Oyvind Hagen - Analyst
Thank you.
Hilde Nafstad - SVP and Head of IR
Thank you very much. And we'll have to wrap up for today. And I will -- before we all leave, I will leave the floor to our CEO, Helge Lund, again to wrap it all up. Please, Helge.
Helge Lund - President and CEO
Thank you, Hilda. And first of all thank you to all of you for being patient and being here for so many hours. We really appreciate this opportunity to talk about what we are trying to achieve in Statoil.
I will not go into detail in a detailed summary, but I think the message that we're trying to get across is, one, that we will pursue within the same strategic framework as we have done before. We will grow. We'll focus on upstream, and we'll use technology as an important part of leveraging value moving forward.
Secondly, we have been quite specific in the framework that we will deliver on over the next three years to provide you with more granularity and certainty around targets and objectives that we are working towards. And the key objective for us has been to identify a better balance, given the industry environment of providing growth, and at the same time deliver value -- both in our operations, but also in terms of servicing the shareholders directly.
We have not today paid a lot of attention to talking about the long-term. I think you see that we have a very strong resource base. We have very strong projects. We have told you that 40% of the CapEx actually from now into 2016 is actually for projects following after 2016. So my best assessment and judgment is that we have an approach and a resource base that will give the opportunity for growth and development much beyond the term over the next decade. And then we have to look at what speed do we develop these resources as the market and industry is developing.
Then our team, of course, will engage with you extensively over the next few weeks, and whenever you have questions or issues that you want to address, because there are many things that we cannot address in a short session like this. But I will not be available next week, because people make strategy happen. It's not made by a presentation, by executives.
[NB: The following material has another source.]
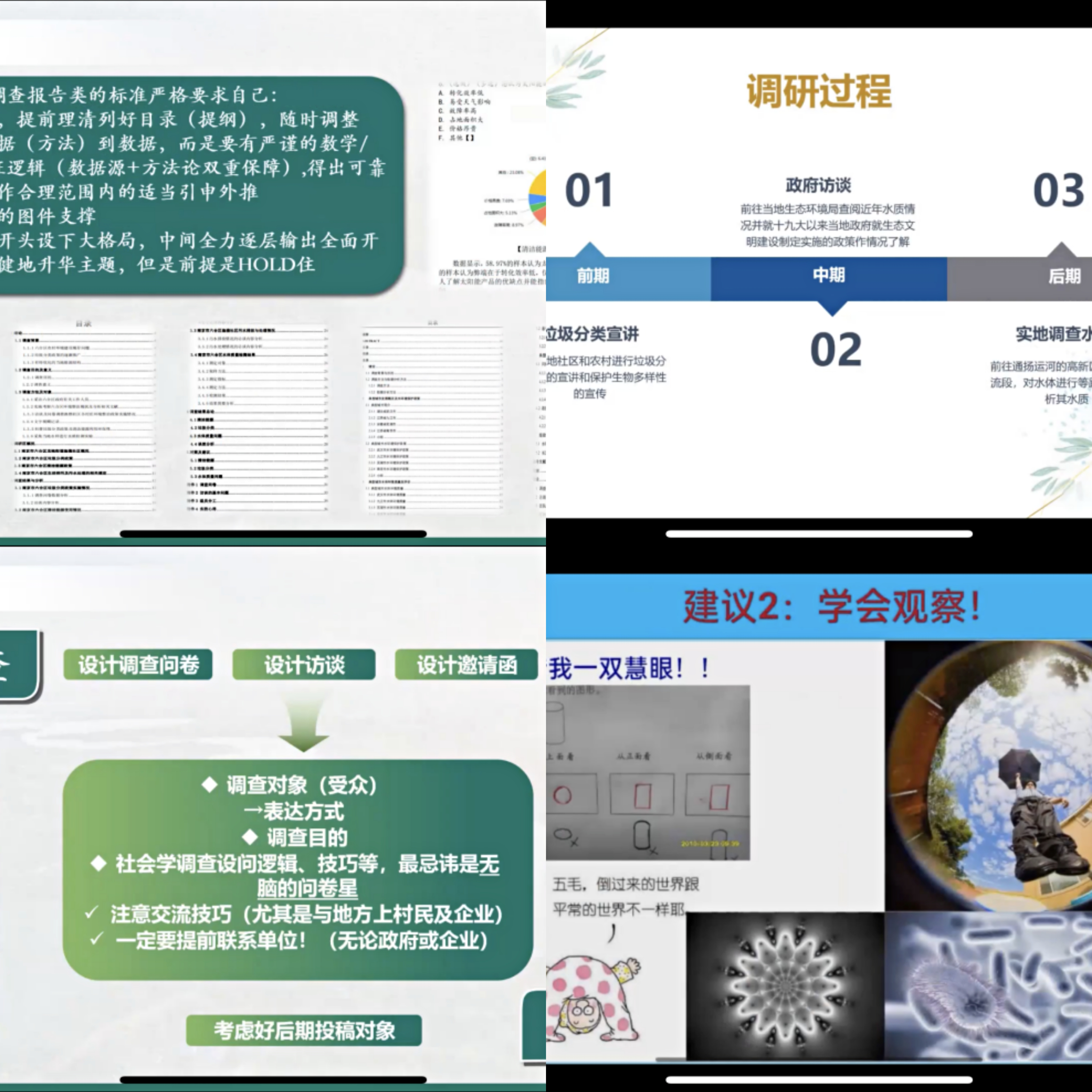 第二个环节,冯骞老师从暑期社会实践的目的和意义、目标、策划、总结四个方面做出指导。冯老师指出,暑期实践在锻炼了自己和小组成员的综合能力的同时,可以帮助同学们了解社会,为今后走上工作岗位打下坚实的基础。选题方面,冯老师建议从生活出发,结合自身专业的优势,学会聚焦,通过以小见大来实现目标。在如何进行实践这个问题上,冯老师给出了问卷调查、走访等方式,围绕着目标导向和成果导向来开展实践活动。在总结上,冯老师提出可以加入问卷中量化的数据,访谈的记录等,让总结真正有意义,有价值。

So this morning, I sent a letter to 2,000 leaders in Statoil outlining what we intend to do over the next few years. I also had I think a 10 minutes webcast to all our employees in Statoil this morning to set out the new framework.
Next week, I will spend most of my time meeting with my people in town hall meetings in Oslo, in Stavanger, in Bergen. And I will meet with 600 leaders within Margareth's unit, because they are essential in order to deliver on the improvements that we have talked about today.
And the day after, I'll meet with Tim's team as well, to make sure that everyone understands, and we can discuss extensively in a broader way than we have been able to do so far, due to all the restrictions for a publicly-listed company, to make sure that we have full force behind the execution of the plan.
So I leave it with that. And again, thank you for your patience. Thank you for coming. And look forward to engage with you as we move forward. Thank you.